Breast cancer and abortion
By Patrick Carroll

The article Breast cancer and abortion:collaborative reanalysis of data
from 53 epidemiological studies... (The Lancet Vol 363) has its
credibility impaired by the failure throughout the world to fully record
induced abortions.

This study places most weight on studies where abortion is measured
prospectively before any diagnosis of breast cancer is made among the
sample studied and the larger among these studies are especially weighted.
Even in this country very few women declare induced  abortions in such
studies and the numbers of women both in the cancer group and in the
control group of the Goldacre study in England, the largest study covered
by this reanalysis, found only a small fraction of the women, that could
have been expected to have had abortions from what is known from national
incidence data, had a declared abortion history in either the cancer group
or the control group.  The median year of cancer diagnosis in this study
was 1986.  Cancers diagnosed then are likely to correspond to pregnancy
related events such as live births and induced abortions that took place
much earlier as in the 1960s.  If there is such a large measure of under
recording in an English study it can be expected there is even more
under-recording in other countries.  Great Britain is unusual in that
there was liberalisation of the Abortion law at an early date when the
1967 Abortion Act took effect in 1968.  Other countries liberalised later
and many of the induced abortions relevant to this Breast cancer
investigation in other countries were illegal and even less likely to be
declared than the abortions among women in a British study.

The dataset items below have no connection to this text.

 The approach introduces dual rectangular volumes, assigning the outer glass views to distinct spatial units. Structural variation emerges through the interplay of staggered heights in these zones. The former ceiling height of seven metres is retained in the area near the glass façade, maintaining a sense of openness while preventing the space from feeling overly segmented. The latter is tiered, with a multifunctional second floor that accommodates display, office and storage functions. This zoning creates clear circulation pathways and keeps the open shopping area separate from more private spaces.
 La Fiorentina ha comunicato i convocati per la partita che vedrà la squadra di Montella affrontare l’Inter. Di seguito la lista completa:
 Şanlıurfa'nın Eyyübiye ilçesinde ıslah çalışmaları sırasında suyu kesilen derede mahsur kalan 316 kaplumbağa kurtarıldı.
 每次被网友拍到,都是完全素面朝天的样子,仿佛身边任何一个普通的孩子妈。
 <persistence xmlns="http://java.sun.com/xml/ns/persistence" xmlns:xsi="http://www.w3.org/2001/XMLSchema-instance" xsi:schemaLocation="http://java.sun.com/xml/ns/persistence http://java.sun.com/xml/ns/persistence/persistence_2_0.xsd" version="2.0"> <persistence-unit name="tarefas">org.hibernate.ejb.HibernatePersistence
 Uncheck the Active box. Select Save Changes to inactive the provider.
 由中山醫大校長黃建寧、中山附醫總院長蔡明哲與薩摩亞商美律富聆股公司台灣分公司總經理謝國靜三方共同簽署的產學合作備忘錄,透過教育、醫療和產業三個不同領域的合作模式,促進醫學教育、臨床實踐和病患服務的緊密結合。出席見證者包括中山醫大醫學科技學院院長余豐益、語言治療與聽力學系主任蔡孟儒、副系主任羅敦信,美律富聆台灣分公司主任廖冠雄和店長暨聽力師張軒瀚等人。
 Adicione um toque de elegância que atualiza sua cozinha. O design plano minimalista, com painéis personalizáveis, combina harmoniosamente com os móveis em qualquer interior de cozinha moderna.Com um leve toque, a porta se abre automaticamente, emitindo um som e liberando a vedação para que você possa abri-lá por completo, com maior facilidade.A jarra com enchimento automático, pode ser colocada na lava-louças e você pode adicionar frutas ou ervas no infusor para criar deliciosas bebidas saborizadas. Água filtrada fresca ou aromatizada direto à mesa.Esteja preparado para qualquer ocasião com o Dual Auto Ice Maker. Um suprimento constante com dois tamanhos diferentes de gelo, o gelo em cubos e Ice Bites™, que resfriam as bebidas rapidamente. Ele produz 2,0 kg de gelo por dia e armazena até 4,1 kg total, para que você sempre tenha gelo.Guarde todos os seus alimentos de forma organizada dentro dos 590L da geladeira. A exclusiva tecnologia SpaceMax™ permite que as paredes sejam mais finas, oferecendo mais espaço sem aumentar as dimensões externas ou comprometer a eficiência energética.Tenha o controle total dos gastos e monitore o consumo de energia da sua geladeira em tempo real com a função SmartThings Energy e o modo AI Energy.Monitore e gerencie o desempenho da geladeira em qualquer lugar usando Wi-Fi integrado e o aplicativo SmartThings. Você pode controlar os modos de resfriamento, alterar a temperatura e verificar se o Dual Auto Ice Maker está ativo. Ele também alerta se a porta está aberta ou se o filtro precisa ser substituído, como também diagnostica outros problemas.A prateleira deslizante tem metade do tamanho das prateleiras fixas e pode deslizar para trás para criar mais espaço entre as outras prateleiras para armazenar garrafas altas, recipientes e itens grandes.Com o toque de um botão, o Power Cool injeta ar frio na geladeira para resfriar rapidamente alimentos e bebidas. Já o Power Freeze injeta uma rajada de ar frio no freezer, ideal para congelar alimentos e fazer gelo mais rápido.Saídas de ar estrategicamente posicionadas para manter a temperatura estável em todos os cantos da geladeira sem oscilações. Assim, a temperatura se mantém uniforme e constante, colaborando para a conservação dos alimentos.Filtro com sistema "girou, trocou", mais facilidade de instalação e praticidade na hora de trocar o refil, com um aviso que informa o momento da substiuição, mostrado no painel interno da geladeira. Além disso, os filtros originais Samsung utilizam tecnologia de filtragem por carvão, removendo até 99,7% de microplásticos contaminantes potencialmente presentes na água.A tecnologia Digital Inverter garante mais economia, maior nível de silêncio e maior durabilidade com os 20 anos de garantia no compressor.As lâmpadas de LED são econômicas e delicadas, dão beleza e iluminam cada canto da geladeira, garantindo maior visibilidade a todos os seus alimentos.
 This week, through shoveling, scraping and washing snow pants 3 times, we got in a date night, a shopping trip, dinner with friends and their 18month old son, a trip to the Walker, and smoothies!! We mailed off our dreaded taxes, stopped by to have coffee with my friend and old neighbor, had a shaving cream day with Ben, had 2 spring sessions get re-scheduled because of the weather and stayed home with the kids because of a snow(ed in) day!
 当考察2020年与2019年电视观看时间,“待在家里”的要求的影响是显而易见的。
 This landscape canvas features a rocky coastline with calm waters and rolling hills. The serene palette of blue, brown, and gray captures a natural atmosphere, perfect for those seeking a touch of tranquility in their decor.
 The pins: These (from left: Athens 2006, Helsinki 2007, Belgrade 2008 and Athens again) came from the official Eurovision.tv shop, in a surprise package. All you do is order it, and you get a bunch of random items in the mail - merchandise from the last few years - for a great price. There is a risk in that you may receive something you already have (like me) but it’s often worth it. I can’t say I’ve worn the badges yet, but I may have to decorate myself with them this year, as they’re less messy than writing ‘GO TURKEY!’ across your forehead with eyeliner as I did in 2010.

National breast cancer incidence data in England is  now showing an
increase that is concentrated in the age group 50+ and the pregnancy
related events that correspond to that can be investigated using national
data that is correlational or ecological for successive birth cohorts of
women given age specific data including data for abortions and nulliparous
abortions. This also helps to explain the steeper reverse gradient in
Breast cancer incidence across social class now observed in the UK.

Yours sincerely

Patrick Carroll
PAPRI Pension And Population Research Institute
35 Canonbury Road
London N1 2DG
tel 020 7354 5667
fax 020 7226 6601
charity registration number in England 327942

References:

1. Beral V, Bull D, Doll R, Peto R, Reeves G. Collaborative Group of Hormonal Factors in Breast Cancer. Breast cancer and abortion: collaborative reanalysis of data from 53 epidemiological studies, including 83,000 women with breast cancer from 16 countries. Lancet 2004;363:1007-16.
2. Goldacre MJ, Kurina LM, Seagroatt V, Yeaates. Abortion and breast cancer: a case-control record linkage study. J Epidemiol Community Health 2001;55:336-337.